Under the hood: How to calculate letter frequencies in R

library(stringr)
abc = c("e","t","a","o","i","n","s","h","r","d","l","c",
        "u","m","w","f","g","y","p","b","v","k","j","x","q","z")
English = c(12.702, 9.056, 8.167, 7.507, 6.966, 6.749, 6.327, 6.094, 5.987,
            4.253, 4.025, 2.782, 2.758, 2.406, 2.361, 2.228, 2.015, 1.974,
            1.929, 1.492, 0.978, 0.772, 0.153, 0.15, 0.095, 0.074)

lettercount <- function(text){
    text <- tolower(text)
    length <- str_length(text)
    freq <- as.data.frame(rep(0,26))

    count_char <- function(letter,some_text){
        str_count(some_text,letter)*100/length
    }

    #Calculate the frequency of each letter in the text.
    freq <- apply(as.data.frame(abc),1,count_char,some_text=text)

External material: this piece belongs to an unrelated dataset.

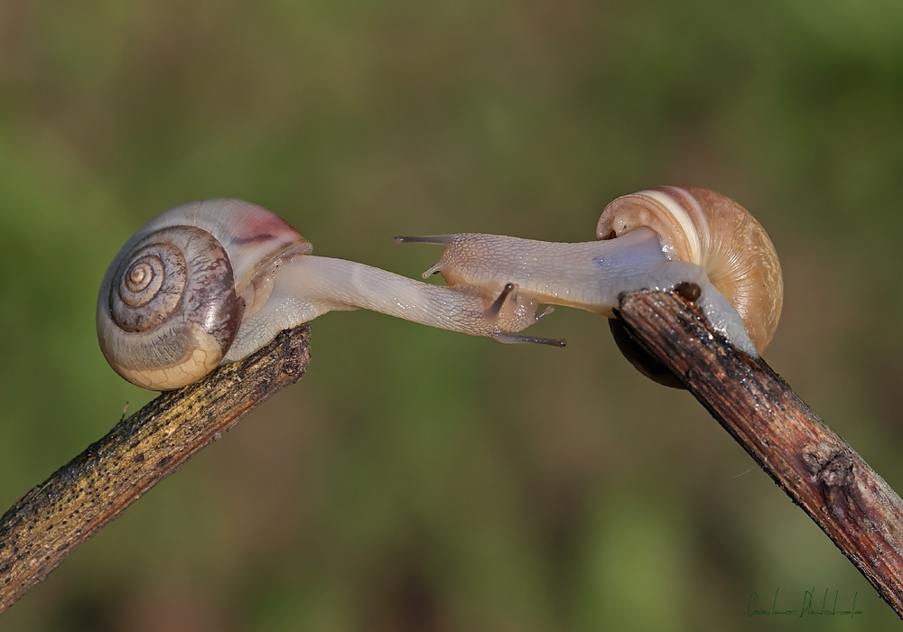 Un bacio 'pericoloso' molto bello...tecnicamente non so che dirti: a volte ho provato a fotografare chiocciole in situazioni simili, avendo la conferma che 'sembrano' lente ma sono molto veloci in realtà...l'effetto finale mi piace molto  |

    #Return a table with the calculated frequencies and those of English.
    t(as.data.frame(cbind(English,freq)))
}

Example output: A comparison between Lorem Ipsum and the English language

Sample text: Lorem Ipsum

Lorem ipsum dolor sit amet, consectetur adipiscing elit, sed do eiusmod tempor incididunt ut labore et dolore magna aliqua. Ut enim ad minim veniam, quis nostrud exercitation ullamco laboris nisi ut aliquip ex ea commodo consequat. Duis aute irure dolor in reprehenderit in voluptate velit esse cillum dolore eu fugiat nulla pariatur. Excepteur sint occaecat cupidatat non proident, sunt in culpa qui officia deserunt mollit anim id est laborum.

plot of chunk unnamed-chunk-2